Workshop 3 - Monitoring indicator (Sara)

A solid and reasonable scientific basis is therefore necessary for the success of the PES project. The latter justifies and perfects the legal basis of PES, which has yet to be constructed in the framework of payments for environmental services.

A discussion on indicators highlighted the importance of monitoring at three points in time: at the initial situation (t0), at the situation to be reached (tn+1) and at the real time situation (tn). But in what quantity and quality?

Several topics were discussed: good governance, co-construction of the PES project, chemical and physical surveys, etc. Between now and the next meeting, their monitoring method should be established.

Workshop 4 - Presentations to the public

The 6 catchment areas were then able to present their progress on the PES project to the public and partners, and indicated their willingness to pursue PES on their territory.

  • Drinking water catchments of Tremblay-Omonville, Normandy, France

The issue at Tremblay-Omonville is the high concentration of nitrate (and especially nitrogen) in groundwater. The public PES co-constructed with the farmers are based on the achievement of quality objectives (see poster).

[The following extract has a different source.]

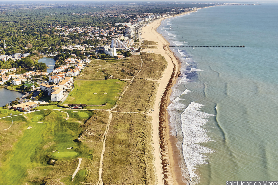
Saint Jean de Monts

First, and best-known, are those long (140 km), sandy beaches stretching as far as the eye can see, which characterise the Vendée's seaside resorts. These have long been family favourites for their safety and for the great variety of activities they offer.

  • Vigne d'Eau de Paris springs - notification of state aid and integrated support for farmers, Paris, France

The issue at stake in the Eau de Paris Vineyard is the transfer of pollutants (nitrates and pesticides) into the groundwater. The aim is to move towards agricultural systems that protect water by neutralising the pathways of pollutants. To achieve this, several public PES have been committed and others are in the process of being committed (see poster).

  • Lac au Duc and Yvel-Hyvet catchment area, Brittany, France

The issue at Lac au Duc is the transfer of phosphorus into the watercourses feeding the lake. The farmers are voluntary but no PES commitment has been concluded for the moment. The specificity of these PES lies in the financing of PES by the private sector (see poster).

  • Westhern Rother pilot, England

The Westhern Rother pilot is concerned with excessive inputs of pesticides, sediments and nutrients into the rivers that supply the area's users. The aim is to increase the levels of organic matter in the soil by encouraging the implementation of more virtuous farming systems (and in particular by limiting the establishment of intensive arable crops and the production of legumes). Through a vision adapted to the different circumstances, PES contracts could be signed (see poster).

  • Groundwater in the South Downs Limestone Grasslands, England

The South Downs pilot is concerned with the high concentration of nitrates in drinking water supplies, causing recurrent eutrophication of the lakes of interest. The aim is to reduce the number of inputs by supporting farmers. Between 2020 and 2021, 30 PES contracts have been signed (see poster).

  • Devon case study and online auctions, England

The issue at stake in the pilot is the transfer of phosphorus and nitrate into drinking water reservoirs, causing recurrent eutrophication of lakes of interest. The co-construction of private PES and in particular the auctioning exercise allowed the engagement of 18 farmers (see poster).